The two-family house from Brienz has a magnificently carved facade. It illustrates the high standard of rural architecture in the Bernese Oberland and gives a picture of the craft of wood-carving which is characteristic of Brienz.
A block structure of squared logs with projecting wall-beams rests on the high stone basement. The impressive facade on the gable side has numerous friezes of various designs running across the full width of the house. On the upper floor and in the area of the pediment the wall support beams project forward in the manner frequently encountered in the Bernese Oberland. The low-pitched purlined roof was formerly laid with shingles.
On the back and eaves side an addition was built in 1867 with a horse stable, a place for hay and two rooms. The cellar contained a pigsty and a wood-carving workshop. Today it is still possible to watch a woodcarver at work and to admire original Brienz woodcarvings in an exhibition.
The building owner was probably the innkeeper Heinrich von Flüe who served as a sailor from 1762 to 1766 on Lake Brienz at the cargo exchange.

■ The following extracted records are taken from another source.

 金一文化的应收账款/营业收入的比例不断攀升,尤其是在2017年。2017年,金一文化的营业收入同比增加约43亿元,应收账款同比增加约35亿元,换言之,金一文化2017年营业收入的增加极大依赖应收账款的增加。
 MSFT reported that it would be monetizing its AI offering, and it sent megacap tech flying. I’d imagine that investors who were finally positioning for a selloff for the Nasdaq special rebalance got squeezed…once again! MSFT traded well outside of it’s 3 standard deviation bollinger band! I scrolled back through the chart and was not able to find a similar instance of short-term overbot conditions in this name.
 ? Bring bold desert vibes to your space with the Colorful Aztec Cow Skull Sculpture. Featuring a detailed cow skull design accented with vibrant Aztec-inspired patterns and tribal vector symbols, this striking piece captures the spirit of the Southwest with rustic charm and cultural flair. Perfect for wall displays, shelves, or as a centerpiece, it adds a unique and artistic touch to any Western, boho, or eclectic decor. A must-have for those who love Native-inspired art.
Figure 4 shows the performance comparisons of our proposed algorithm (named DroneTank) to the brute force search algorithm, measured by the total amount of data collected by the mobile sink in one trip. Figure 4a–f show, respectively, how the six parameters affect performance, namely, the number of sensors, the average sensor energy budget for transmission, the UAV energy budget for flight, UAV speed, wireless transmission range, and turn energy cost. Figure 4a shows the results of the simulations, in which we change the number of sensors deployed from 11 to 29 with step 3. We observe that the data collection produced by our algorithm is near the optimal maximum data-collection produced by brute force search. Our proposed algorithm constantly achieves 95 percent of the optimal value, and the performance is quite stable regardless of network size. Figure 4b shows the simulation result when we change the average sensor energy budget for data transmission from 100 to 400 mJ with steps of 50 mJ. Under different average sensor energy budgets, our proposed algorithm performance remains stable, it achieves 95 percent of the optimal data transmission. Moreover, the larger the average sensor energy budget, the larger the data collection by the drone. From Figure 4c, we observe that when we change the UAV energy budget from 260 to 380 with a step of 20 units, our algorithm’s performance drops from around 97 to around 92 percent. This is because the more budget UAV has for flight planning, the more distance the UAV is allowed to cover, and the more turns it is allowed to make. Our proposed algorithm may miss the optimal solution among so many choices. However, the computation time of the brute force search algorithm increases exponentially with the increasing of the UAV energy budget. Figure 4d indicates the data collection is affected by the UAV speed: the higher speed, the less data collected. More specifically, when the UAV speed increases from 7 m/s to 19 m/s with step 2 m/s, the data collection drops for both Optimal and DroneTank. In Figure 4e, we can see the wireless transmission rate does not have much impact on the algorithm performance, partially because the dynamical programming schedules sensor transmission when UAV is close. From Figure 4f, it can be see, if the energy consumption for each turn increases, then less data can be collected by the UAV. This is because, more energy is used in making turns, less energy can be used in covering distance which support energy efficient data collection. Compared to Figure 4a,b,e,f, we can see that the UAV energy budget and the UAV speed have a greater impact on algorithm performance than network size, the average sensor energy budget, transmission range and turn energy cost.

Based on historical sources, we know that the building was used as a double house by two independent owners from 1782 on. The later owners were also connected with the transportation industry (boatman, sailor, coachmen) and tourism (innkeeper, mountain guide, woodcarver).
Next to the house is the drying kiln from Brienzwiler BE (No. 1032), in which fruits were dried to be enjoyed during long winter evenings.